• [Work to complete]:
Leaving out the images, return the data below exactly as it is written.

____ Data segment

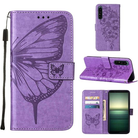 Mobigear Butterfly Housse Sony Xperia 1 IV Etui Porte-Monnaie - Violet
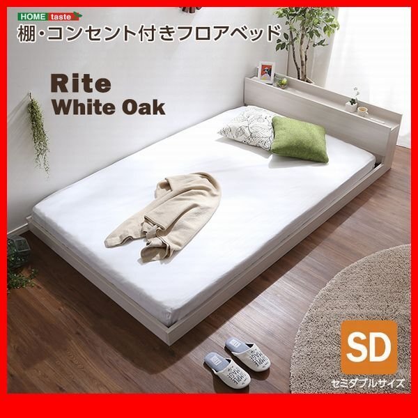 > セミダブルベッド★デザインフロアベッド セミダブル フレームのみ 2口コンセント付き宮棚 抗菌・防臭機能/ホワイトオーク/zz
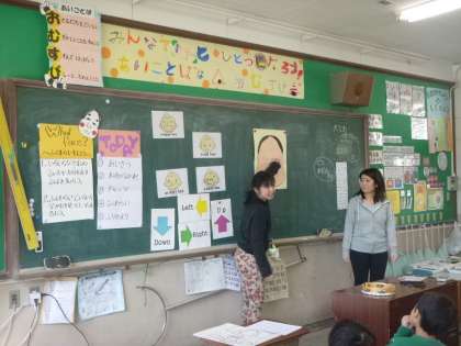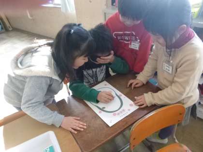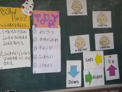 2年生の英語活動で「ふくわらい」をしました。up down left right の言い方に慣れて目や口を動かしました。橘大学の学生が英語の補助をしてくれました。
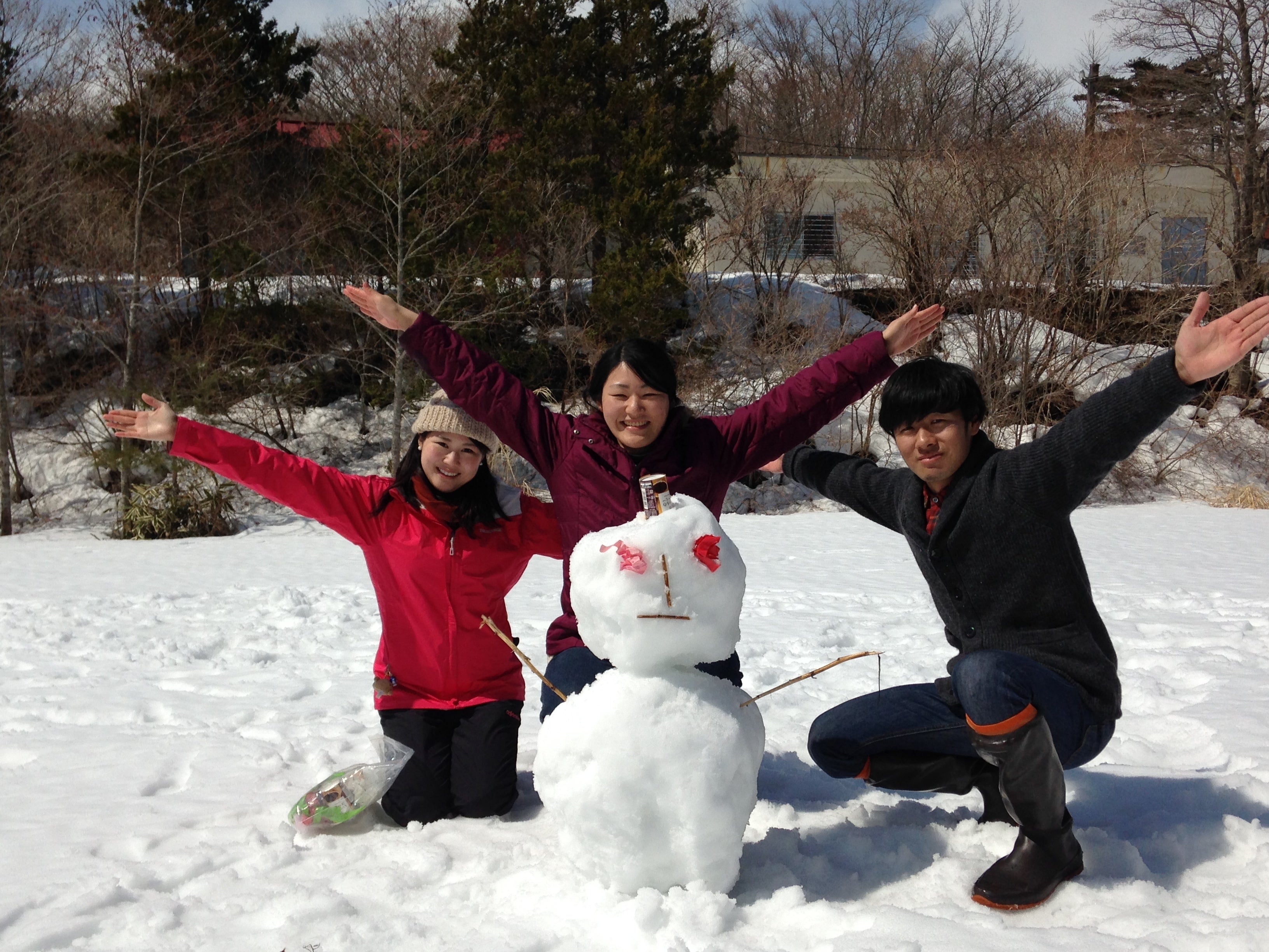 雪だるまと一緒にポーズ(^_^) 冬季サンプリングの楽しみの一つです。

________

• [Answer to this task]:
 Mobigear Butterfly Housse Sony Xperia 1 IV Etui Porte-Monnaie - Violet
 > セミダブルベッド★デザインフロアベッド セミダブル フレームのみ 2口コンセント付き宮棚 抗菌・防臭機能/ホワイトオーク/zz
 2年生の英語活動で「ふくわらい」をしました。up down left right の言い方に慣れて目や口を動かしました。橘大学の学生が英語の補助をしてくれました。
 雪だるまと一緒にポーズ(^_^) 冬季サンプリングの楽しみの一つです。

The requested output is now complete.